Tarel Prid était un grand et bien enveloppé sexagénaire, le cheveu rare et de trop nombreuses bagues à ses doigts.

- J'imagine que mon nom était repris sur
la liste que Mourass rédigeait et pour laquelle il a parcouru la planète.

- Effectivement. Et je suppose que vous comprenez pourquoi je vous ai menacé devant vos employés
, puisque en sus il y avait des Illumidas parmi eux.

- Les gradés Illumidas composent effectivement une bonne partie de ma clientèle. Et j'ai bien dû intégrer des éléments les connaissant bien pour les satisfaire durant leur séjour.

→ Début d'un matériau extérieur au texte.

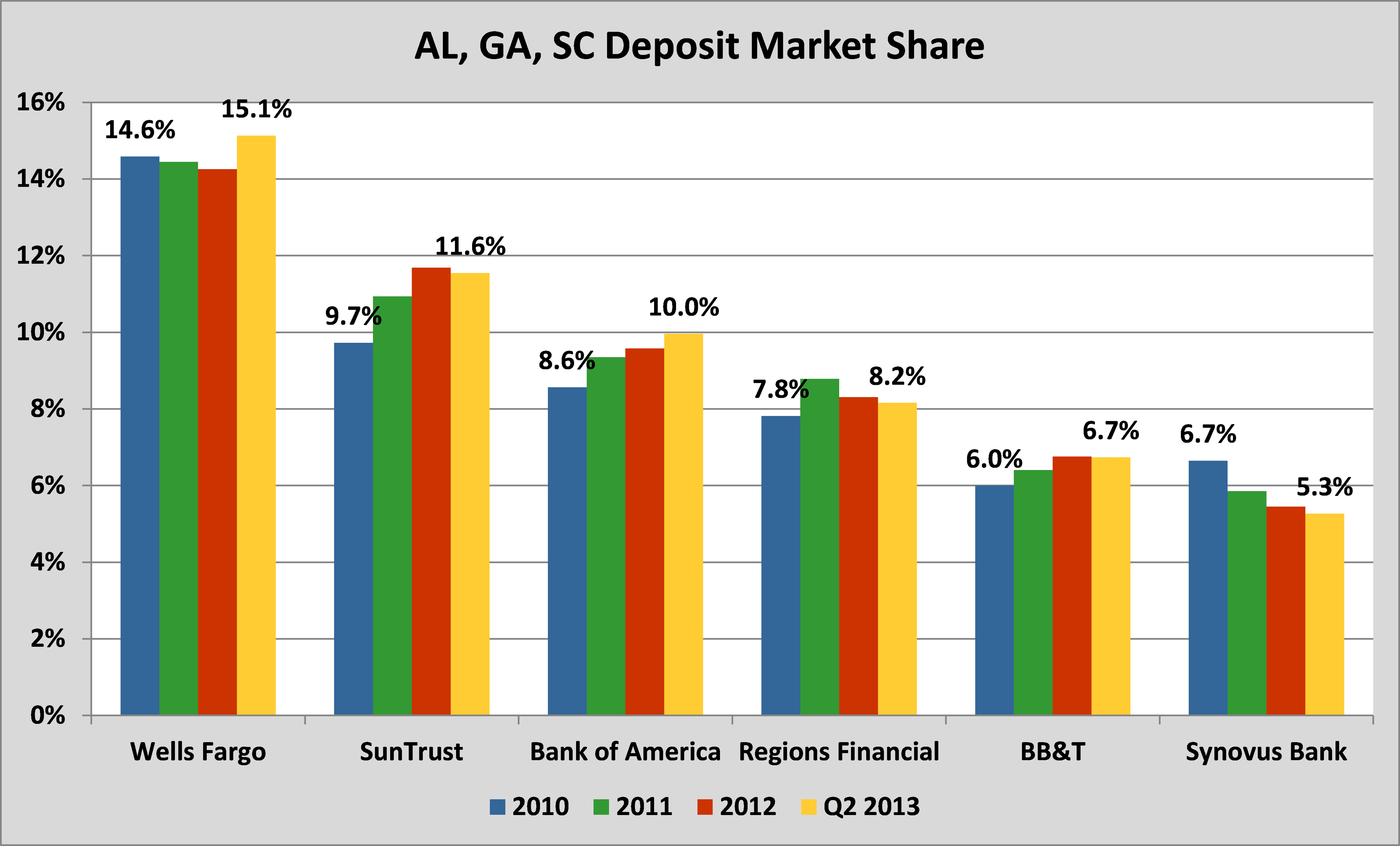 While Georgia, Alabama, and South Carolina may not conjure the thought of a heated banking battle ground, Synovus actually faces stiff competition from five better-known competitors:

Oui, il est préférable que l'on pense que j'ai agi sous la contrainte en vous amenant à mon hélicoptère privé !

Tout en reprenant son souffle, alors que l'ascenseur se dirigeait vers le toit, Albator percevait les battements de son cœur qui retrouvait
un rythme plus normal mais la tension ne se relâchait nullement car rejoindre directement le chantier en hélicoptère civil c'était voler face à tous les radars si prudemment évités à l'arrivée !

- Je rapporterai à Ubald ce que vous avez fait, reprit
-il.

- Je préfèrerais que non.

Etonné, se demandant ce que cette réponse pouvait bien signifier,
le pirate concentra plutôt son attention sur la cabine qui atteignait le dernier étage.
Les portes de l'ascenseur s'ouvrant, Albator constata avec déplaisir que s'il y avait bien un hélicoptère sur la terrasse, il y avait aussi plusieurs soldats Illumidas qui le tenaient déjà en joue !

Avant d'avoir pu dégainer, atteint par un tir paralysant, il s'effondra.


Après avoir refait le tour de la cellule et constaté qu'il n'y avait effectivement aucun moyen d'en forcer la porte, Albator était retourné s'asseoir contre le mur, bien obligé d'attendre le bon plaisir de ses ennemis.

« D'avoir caché la plaquette avant de débouler dans le bureau de Prid me sauve la vie. Mais ça ne va pas durer bien longtemps ! La gloriole d'une exécution publique l'emportera rapidement… Il faudra donc sauter sur la première occasion venue pour leur filer entre les doigts. A moins que ceux de l'Arcadia ne sachent mieux que moi où je peux bien me trouver ! ? ».